Job growth stumbled in April, with a few previous areas of strength showing meager job additions or even losses.
The U.S. economy added 175,000 jobs overall, well below Wall Street expectations. Health care and social assistance again led the way with a gain of 87,000 jobs, but construction and leisure and hospitality added fewer than 10,000 jobs each, well below the prior two months.
The slower job growth could be good news on the inflation front but will raise concerns about a broader economic slowdown.
“After what looked like a reacceleration in the first quarter, today’s Jobs Report shows the labor market returning to its prior trend of gradually slowing job growth and wage growth,” Julia Pollak, chief economist at ZipRecruiter, said in a note Friday.

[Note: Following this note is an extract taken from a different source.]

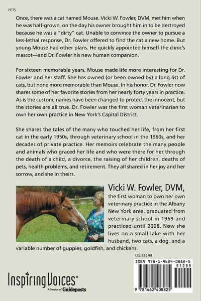 Once, there was a cat named Mouse. Vicki W. Fowler, DVM, met him when he was half-grown, on the day his owner brought him in to be destroyed because he was a "dirty" cat. Unable to convince the owner to pursue a less-lethal response, Dr. Fowler offered to find the cat a new home. But young Mouse had other plans. He quickly appointed himself the clinic's mascot-and Dr. Fowler his new human companion. For sixteen memorable years, Mouse made life more interesting for Dr. Fowler and her staff. She has owned (or been owned by) a long list of cats, but none more memorable than Mouse. In his honor, Dr. Fowler now shares some of her favorite stories from her nearly forty years in practice. As is the custom, names have been changed to protect the innocent, but the stories are all true. Dr. Fowler was the first woman veterinarian to own her own practice in New York's Capital District. She shares the tales of the many who touched her life, from her first cat in the early 1950s, through veterinary school in the 1960s, and her decades of private practice. Her memoirs celebrate the many people and animals who graced her life and who were there for her through the death of a child, a divorce, the raising of her children, deaths of pets, health problems, and retirement. They all shared in her joy and her sorrow, and she in theirs.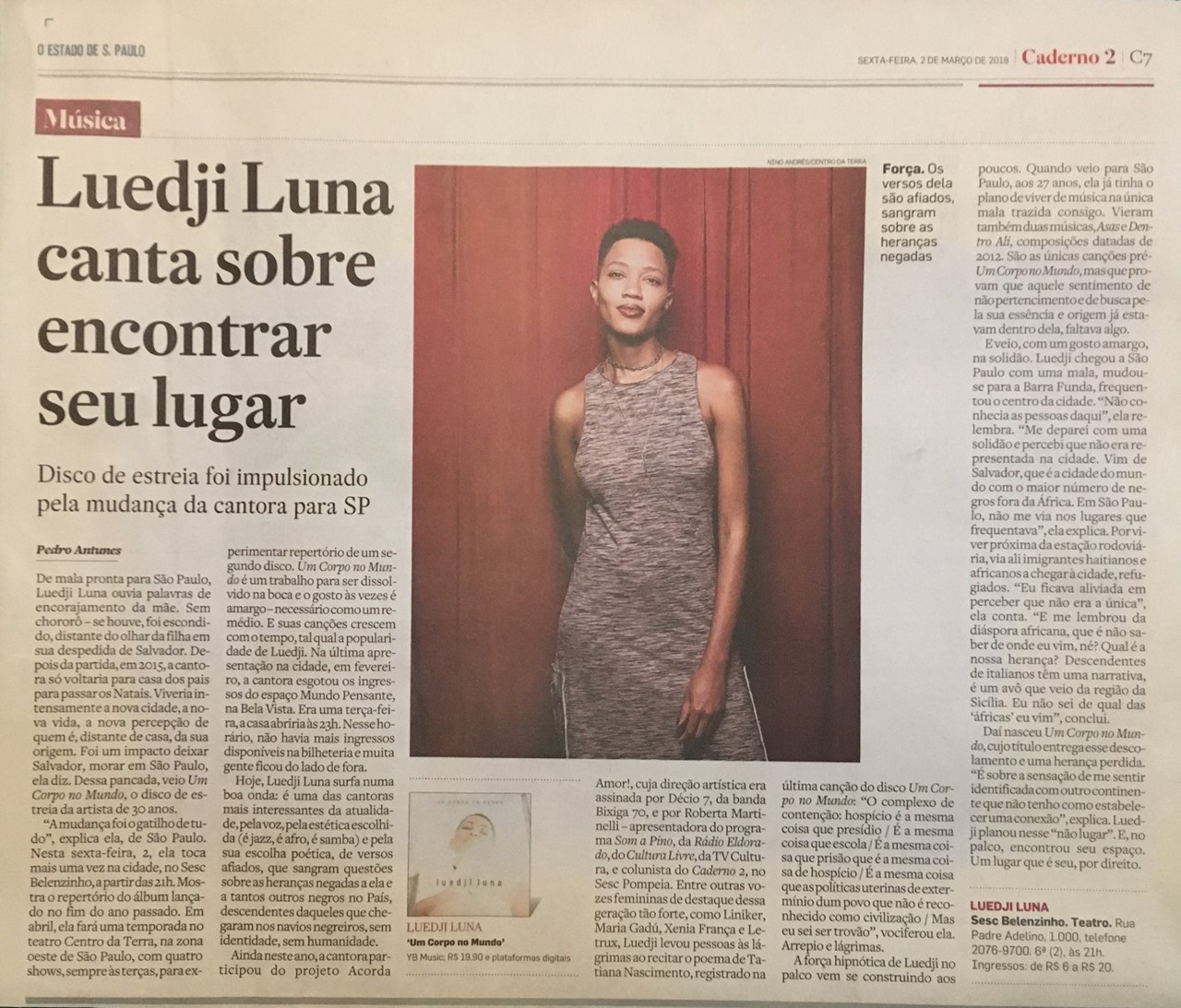 "A força hipnótica de Luedji no palco vem se construindo aos poucos. Quando veio para São Paulo, aos 27 anos, ela já tinha o plano de viver de música na única mala trazida consigo. Vieram também duas músicas, Asas e Dentro Ali, composições datadas de 2012. São as únicas canções pré-Um Corpo no Mundo, mas que provam que aquele sentimento de não pertencimento e de busca pela sua essência e origem já estavam dentro dela, faltava algo.

“Instead of stagflation, the report shows solid payroll gains (+175K, about 10K more than the 2019 monthly average) and cooling wage growth (3.9% YoY, down 0.2 pt) — exactly the news markets and the Fed were hoping for. The overall picture is one of a steady labor market with disinflationary growth,” Pollak continued.
Some white-collar sectors are showing signs of weakness. The information sector lost 8,000 jobs for its second negative reading in three months. Professional and business services shed 4,000 positions, led by losses in temporary help services.
One bright spot was retail trade adding 20,100 jobs, which was 5,000 above its March number. Job growth in transportation and warehousing also accelerated month over month with a gain of 21,800.
Within those two groups, general merchandise retailers was a particularly strong area, adding 10,000 jobs.